Task statement
Below are some records. Retype exactly the lines from the one containing "rgb gaming computer" through the one containing "Realizzato in 100%", both included, skipping every picture.

Data records
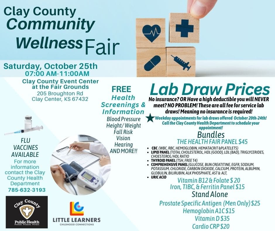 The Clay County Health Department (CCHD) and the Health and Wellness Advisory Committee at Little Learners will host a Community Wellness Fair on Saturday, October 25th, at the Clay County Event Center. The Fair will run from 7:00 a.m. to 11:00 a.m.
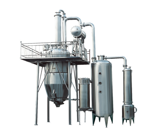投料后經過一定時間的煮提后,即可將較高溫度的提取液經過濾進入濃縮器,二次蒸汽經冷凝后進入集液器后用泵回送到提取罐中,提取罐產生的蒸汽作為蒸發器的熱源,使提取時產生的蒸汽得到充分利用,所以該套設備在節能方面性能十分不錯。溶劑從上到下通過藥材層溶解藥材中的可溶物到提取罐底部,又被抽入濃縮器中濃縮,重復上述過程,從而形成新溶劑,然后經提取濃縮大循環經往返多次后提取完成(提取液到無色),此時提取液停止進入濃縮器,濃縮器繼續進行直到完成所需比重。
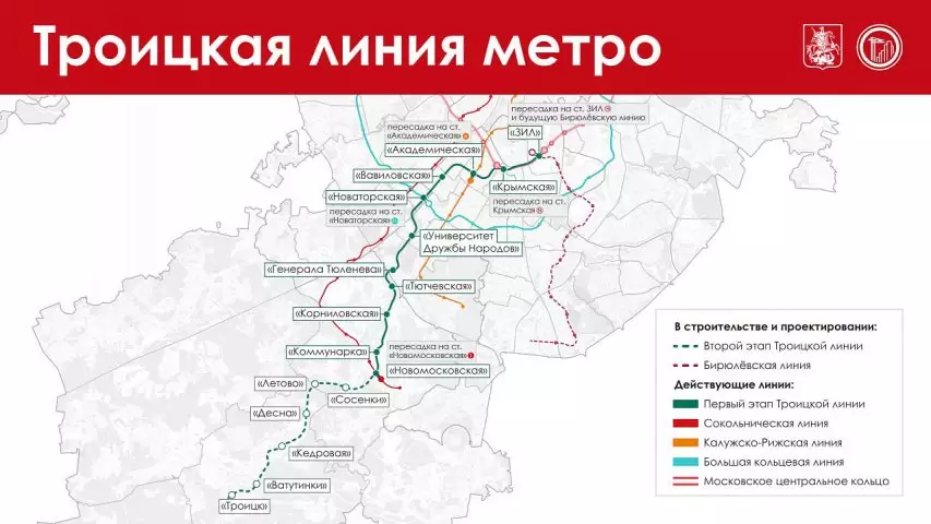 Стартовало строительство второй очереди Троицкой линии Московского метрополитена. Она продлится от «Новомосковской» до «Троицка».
* * *
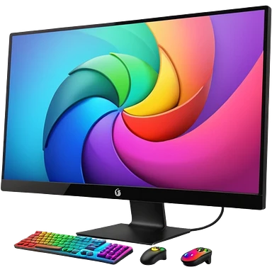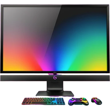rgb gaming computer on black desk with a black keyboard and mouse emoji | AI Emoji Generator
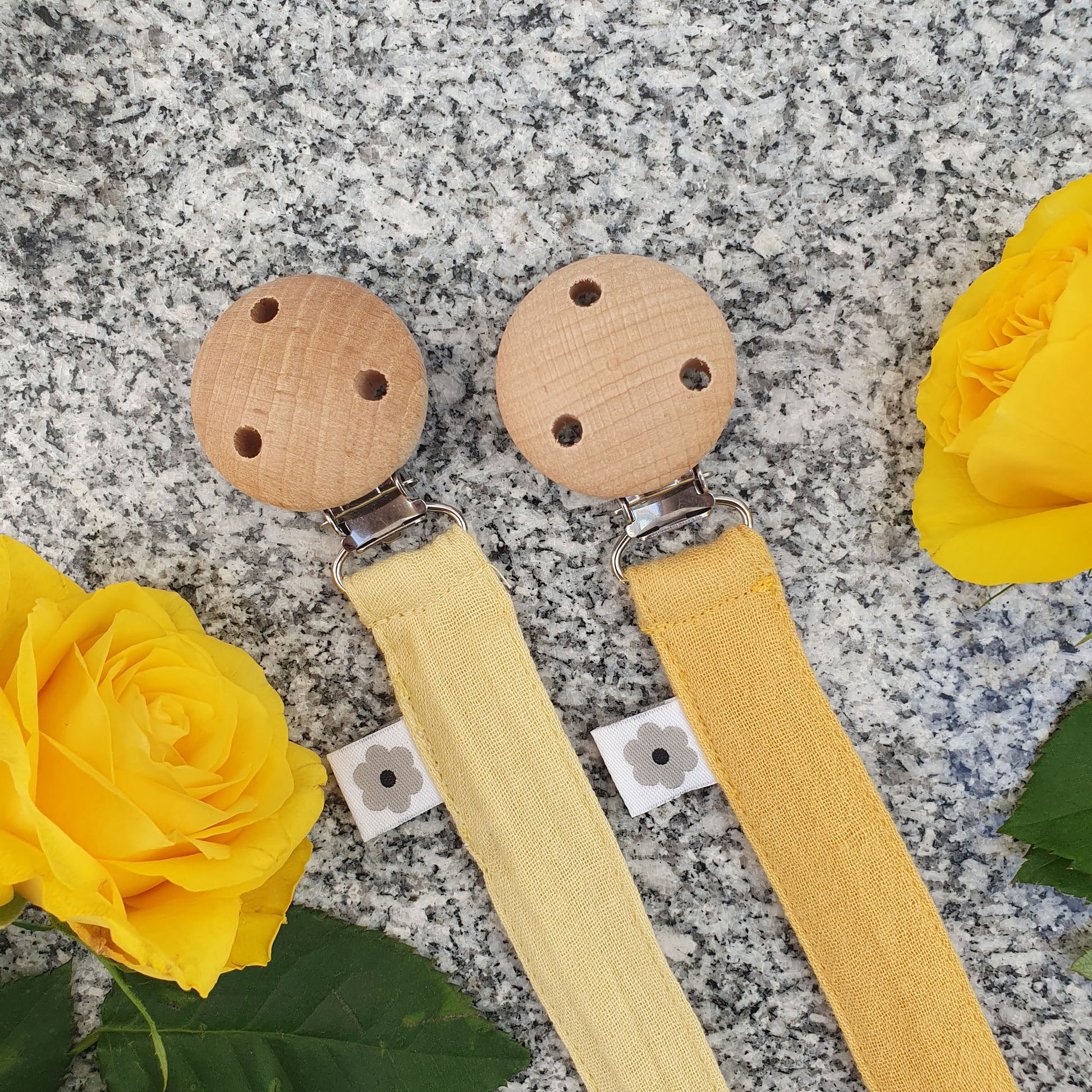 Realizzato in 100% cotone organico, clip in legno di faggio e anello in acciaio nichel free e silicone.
...
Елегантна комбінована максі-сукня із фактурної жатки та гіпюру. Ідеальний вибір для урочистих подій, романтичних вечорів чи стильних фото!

Result of this exercise
rgb gaming computer on black desk with a black keyboard and mouse emoji | AI Emoji Generator
 Realizzato in 100% cotone organico, clip in legno di faggio e anello in acciaio nichel free e silicone.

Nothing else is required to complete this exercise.